Opinion: Equally true in non incubator-assisted entrepreneurship... that is, real entrepreneurship...

Can someone explain how this might help in optimising vehicle routes as opposed to existing combinatorial algorithms made expressly for this purpose?

Given that they name "robot learning" as an application, the target domain is probably self-driving cars, not route optimization.

“Better reinforcement-learning algorithms could ultimately prove useful for things like autonomous driving and optimizing vehicle routes”

Ah, I had missed that line. Unless I missed it in the Uber post too, that does seem to be a claim the TR writer added?

This kind of research should be done by universities or already profitable companies. Using someone else's VC money for this seems questionable at best.

It is extremely useful for recruiting talent.

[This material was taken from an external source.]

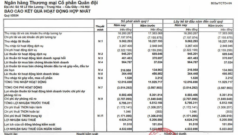 Theo báo cáo tài chính hợp nhất quý I/2024 của Ngân hàng TMCP Quân Đội (MB, mã ck: MBB), công ty ghi nhận lợi nhuận trước thuế đạt 5.795 tỷ đồng, giảm 11% so với cùng kỳ năm trước. Lãi sau thuế của MB là 4.624 tỷ đồng.

Top talent wants to do basic research, so this is a powerful lure for keeping them at the company rather than in academia. I'm at NeurIPS this week, and many companies are here and they heavily advertise how many papers they have in the conference as part of their recruitment efforts for both (applied) AI research and AI engineering positions.

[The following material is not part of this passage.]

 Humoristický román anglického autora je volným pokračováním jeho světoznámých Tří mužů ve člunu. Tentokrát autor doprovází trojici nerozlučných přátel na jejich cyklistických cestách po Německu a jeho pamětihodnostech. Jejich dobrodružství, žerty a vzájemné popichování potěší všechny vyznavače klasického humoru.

Exactly. This is one thing I always ask when interviewing for a new job, and any company that cannot give me a decent answer goes to the bottom of my list.

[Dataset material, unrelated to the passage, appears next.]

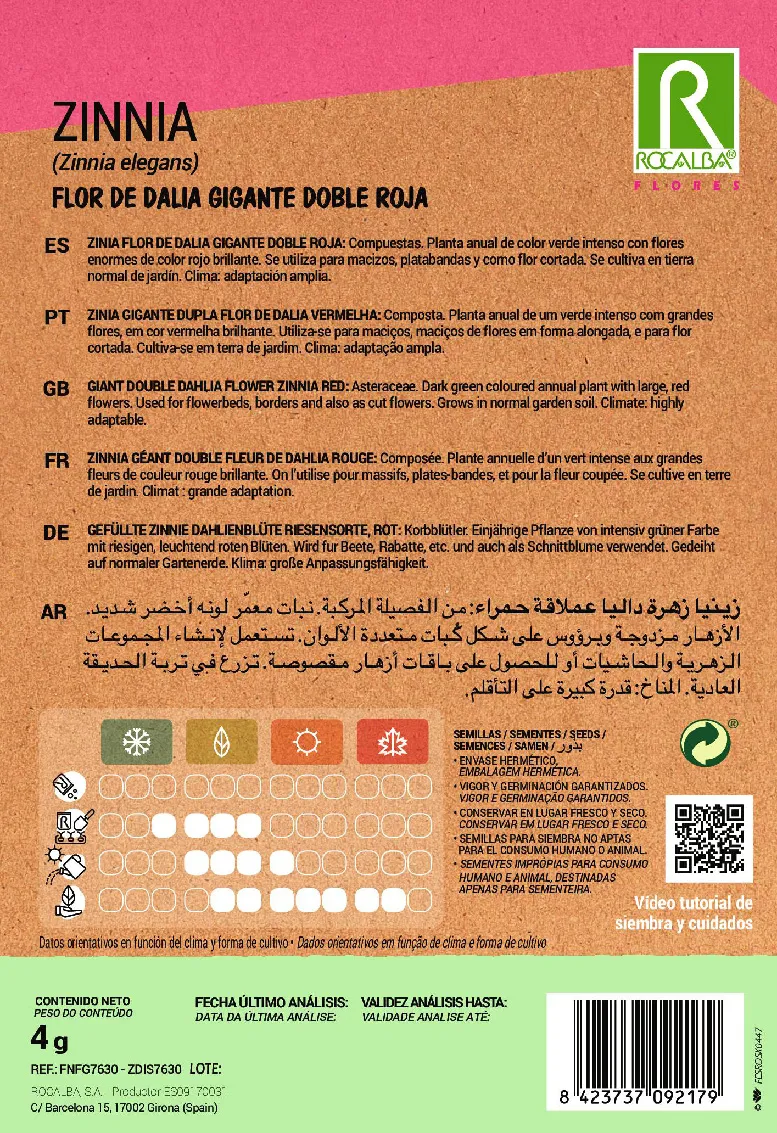 ZINNIA GÉANT DOUBLE FLEUR DE DAHLIA ROUGE

This is nonsense. What if this is research around problems they need to solve in order to improve their self-driving car? Because clearly that's the goal here.

Should they tell investors to patiently wait while some academic comes up with a solution to their problem?

If I were VC with stakes in uber, and they wouldn't be researching this area, I would be pretty mad.

Yet again, research and breakthrough are not made by profitable companies. And research money most often come from government with little to no incentive on ROI.

>> Yet again, research and breakthrough are not made by profitable companies.

I'm pretty confident that this is flat out wrong. Just within the tech sphere you have Intel, Microsoft, Apple, Google, IBM, Samsung, and Baidu that have all historically put out large amounts of research. Outside of the tech sphere look at Pfizer, Johnson & Johnson, GM, Toyota.

Here's a slightly dated summary of research spending by large (profitable) companies https://www.recode.net/2017/9/1/16236506/tech-amazon-apple-g....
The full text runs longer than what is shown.